Collection entries:
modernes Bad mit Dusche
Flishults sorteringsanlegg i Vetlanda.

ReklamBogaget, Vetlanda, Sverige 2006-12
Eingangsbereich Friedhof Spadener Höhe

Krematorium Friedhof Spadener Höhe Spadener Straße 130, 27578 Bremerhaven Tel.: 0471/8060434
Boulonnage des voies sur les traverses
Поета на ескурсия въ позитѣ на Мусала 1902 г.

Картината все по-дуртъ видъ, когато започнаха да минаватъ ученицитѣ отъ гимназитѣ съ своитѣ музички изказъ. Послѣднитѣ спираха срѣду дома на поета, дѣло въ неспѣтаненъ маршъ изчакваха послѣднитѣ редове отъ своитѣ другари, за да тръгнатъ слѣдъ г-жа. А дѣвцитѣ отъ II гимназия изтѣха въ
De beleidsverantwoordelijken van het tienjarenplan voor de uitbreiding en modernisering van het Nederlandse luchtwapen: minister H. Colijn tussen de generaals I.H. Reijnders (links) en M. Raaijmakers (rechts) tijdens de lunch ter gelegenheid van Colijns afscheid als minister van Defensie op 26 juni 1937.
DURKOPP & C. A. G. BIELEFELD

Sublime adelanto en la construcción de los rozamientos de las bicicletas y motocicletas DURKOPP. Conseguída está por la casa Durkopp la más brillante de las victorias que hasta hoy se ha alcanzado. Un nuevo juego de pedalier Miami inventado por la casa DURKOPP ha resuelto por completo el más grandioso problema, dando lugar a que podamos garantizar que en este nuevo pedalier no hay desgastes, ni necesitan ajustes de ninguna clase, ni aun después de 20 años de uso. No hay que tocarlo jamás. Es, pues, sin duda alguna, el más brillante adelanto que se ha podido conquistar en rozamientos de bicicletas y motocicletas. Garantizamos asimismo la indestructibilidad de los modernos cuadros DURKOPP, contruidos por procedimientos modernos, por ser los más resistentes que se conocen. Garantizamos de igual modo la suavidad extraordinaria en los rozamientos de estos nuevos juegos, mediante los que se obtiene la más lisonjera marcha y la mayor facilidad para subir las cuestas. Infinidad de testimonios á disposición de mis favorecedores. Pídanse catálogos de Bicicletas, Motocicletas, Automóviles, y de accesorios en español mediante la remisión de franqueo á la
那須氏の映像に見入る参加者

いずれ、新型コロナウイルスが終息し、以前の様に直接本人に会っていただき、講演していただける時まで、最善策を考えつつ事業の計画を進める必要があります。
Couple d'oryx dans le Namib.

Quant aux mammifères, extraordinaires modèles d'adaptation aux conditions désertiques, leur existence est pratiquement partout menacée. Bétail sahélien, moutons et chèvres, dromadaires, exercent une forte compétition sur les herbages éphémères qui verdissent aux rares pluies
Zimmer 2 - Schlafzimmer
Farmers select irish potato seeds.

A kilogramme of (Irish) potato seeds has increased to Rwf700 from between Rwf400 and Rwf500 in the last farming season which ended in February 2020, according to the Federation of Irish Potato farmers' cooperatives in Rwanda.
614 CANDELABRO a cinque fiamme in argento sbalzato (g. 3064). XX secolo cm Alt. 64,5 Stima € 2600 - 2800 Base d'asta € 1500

...

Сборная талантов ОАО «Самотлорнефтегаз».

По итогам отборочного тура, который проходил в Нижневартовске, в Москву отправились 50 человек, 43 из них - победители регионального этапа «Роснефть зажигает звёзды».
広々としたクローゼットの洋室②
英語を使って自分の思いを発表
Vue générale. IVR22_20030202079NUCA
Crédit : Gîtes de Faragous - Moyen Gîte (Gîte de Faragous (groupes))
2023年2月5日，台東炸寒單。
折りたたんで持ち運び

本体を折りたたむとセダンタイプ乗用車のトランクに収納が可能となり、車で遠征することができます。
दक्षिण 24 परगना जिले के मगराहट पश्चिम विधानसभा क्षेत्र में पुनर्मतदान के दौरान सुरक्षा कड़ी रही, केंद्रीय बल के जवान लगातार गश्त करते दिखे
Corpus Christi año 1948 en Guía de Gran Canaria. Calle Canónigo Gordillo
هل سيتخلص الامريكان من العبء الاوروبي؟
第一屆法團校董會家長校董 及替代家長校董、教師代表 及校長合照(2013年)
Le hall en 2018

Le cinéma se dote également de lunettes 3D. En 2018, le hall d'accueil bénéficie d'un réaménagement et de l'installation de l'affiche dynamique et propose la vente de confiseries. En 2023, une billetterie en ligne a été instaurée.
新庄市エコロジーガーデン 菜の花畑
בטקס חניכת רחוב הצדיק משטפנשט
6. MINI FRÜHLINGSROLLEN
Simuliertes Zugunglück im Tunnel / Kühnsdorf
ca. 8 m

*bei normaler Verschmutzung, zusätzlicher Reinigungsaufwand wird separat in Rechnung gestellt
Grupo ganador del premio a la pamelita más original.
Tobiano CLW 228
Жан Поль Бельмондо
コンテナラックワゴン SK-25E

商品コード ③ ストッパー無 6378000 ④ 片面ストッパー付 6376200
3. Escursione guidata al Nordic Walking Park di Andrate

Exercise:
Please reproduce the lines from the line with "modernes Bad mit Dusche" to the line with "DURKOPP & C. A. G. BIELEFELD", both ends included, exactly as they appear above.

Response below:
modernes Bad mit Dusche
Flishults sorteringsanlegg i Vetlanda.

ReklamBogaget, Vetlanda, Sverige 2006-12
Eingangsbereich Friedhof Spadener Höhe

Krematorium Friedhof Spadener Höhe Spadener Straße 130, 27578 Bremerhaven Tel.: 0471/8060434
Boulonnage des voies sur les traverses
Поета на ескурсия въ позитѣ на Мусала 1902 г.

Картината все по-дуртъ видъ, когато започнаха да минаватъ ученицитѣ отъ гимназитѣ съ своитѣ музички изказъ. Послѣднитѣ спираха срѣду дома на поета, дѣло въ неспѣтаненъ маршъ изчакваха послѣднитѣ редове отъ своитѣ другари, за да тръгнатъ слѣдъ г-жа. А дѣвцитѣ отъ II гимназия изтѣха въ
De beleidsverantwoordelijken van het tienjarenplan voor de uitbreiding en modernisering van het Nederlandse luchtwapen: minister H. Colijn tussen de generaals I.H. Reijnders (links) en M. Raaijmakers (rechts) tijdens de lunch ter gelegenheid van Colijns afscheid als minister van Defensie op 26 juni 1937.
DURKOPP & C. A. G. BIELEFELD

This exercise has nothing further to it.